* **WHAT IS EXPECTED**
Return exactly, and only, the lines from the line containing "Selain itu, contoh" through the final line of the records below, both included.

* **DATA PROVIDED**

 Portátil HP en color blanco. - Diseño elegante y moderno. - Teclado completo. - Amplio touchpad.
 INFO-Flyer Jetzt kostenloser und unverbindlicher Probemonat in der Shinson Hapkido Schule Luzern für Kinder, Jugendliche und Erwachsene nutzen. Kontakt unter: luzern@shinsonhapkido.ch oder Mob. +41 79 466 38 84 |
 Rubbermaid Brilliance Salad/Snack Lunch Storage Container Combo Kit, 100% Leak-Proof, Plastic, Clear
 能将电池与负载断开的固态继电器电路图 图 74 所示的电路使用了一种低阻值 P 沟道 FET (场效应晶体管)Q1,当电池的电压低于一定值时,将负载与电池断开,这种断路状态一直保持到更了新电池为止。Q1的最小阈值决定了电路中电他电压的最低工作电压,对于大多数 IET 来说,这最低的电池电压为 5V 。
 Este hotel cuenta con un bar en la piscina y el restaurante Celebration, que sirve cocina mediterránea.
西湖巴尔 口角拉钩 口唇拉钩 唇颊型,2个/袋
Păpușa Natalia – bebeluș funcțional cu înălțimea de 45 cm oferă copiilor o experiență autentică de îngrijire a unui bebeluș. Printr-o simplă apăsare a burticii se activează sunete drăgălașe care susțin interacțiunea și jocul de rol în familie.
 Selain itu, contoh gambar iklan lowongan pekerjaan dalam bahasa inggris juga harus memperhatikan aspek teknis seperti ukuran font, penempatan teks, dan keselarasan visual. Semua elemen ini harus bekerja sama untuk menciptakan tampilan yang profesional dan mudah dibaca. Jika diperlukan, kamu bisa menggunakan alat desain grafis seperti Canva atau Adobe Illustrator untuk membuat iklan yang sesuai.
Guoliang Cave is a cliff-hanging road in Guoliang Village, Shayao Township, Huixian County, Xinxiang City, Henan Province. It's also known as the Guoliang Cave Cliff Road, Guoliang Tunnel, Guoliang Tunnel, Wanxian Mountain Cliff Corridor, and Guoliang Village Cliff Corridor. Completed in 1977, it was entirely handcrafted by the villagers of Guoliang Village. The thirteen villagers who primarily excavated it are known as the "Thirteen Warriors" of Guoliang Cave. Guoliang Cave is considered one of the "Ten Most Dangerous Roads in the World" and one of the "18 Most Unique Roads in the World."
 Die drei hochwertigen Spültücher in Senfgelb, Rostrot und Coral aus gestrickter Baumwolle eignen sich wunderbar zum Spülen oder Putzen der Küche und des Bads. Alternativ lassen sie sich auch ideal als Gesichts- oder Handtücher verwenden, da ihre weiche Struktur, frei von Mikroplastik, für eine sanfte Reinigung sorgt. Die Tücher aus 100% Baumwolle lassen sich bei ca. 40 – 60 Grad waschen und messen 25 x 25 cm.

* **EXERCISE RESULT**
 Selain itu, contoh gambar iklan lowongan pekerjaan dalam bahasa inggris juga harus memperhatikan aspek teknis seperti ukuran font, penempatan teks, dan keselarasan visual. Semua elemen ini harus bekerja sama untuk menciptakan tampilan yang profesional dan mudah dibaca. Jika diperlukan, kamu bisa menggunakan alat desain grafis seperti Canva atau Adobe Illustrator untuk membuat iklan yang sesuai.
Guoliang Cave is a cliff-hanging road in Guoliang Village, Shayao Township, Huixian County, Xinxiang City, Henan Province. It's also known as the Guoliang Cave Cliff Road, Guoliang Tunnel, Guoliang Tunnel, Wanxian Mountain Cliff Corridor, and Guoliang Village Cliff Corridor. Completed in 1977, it was entirely handcrafted by the villagers of Guoliang Village. The thirteen villagers who primarily excavated it are known as the "Thirteen Warriors" of Guoliang Cave. Guoliang Cave is considered one of the "Ten Most Dangerous Roads in the World" and one of the "18 Most Unique Roads in the World."
 Die drei hochwertigen Spültücher in Senfgelb, Rostrot und Coral aus gestrickter Baumwolle eignen sich wunderbar zum Spülen oder Putzen der Küche und des Bads. Alternativ lassen sie sich auch ideal als Gesichts- oder Handtücher verwenden, da ihre weiche Struktur, frei von Mikroplastik, für eine sanfte Reinigung sorgt. Die Tücher aus 100% Baumwolle lassen sich bei ca. 40 – 60 Grad waschen und messen 25 x 25 cm.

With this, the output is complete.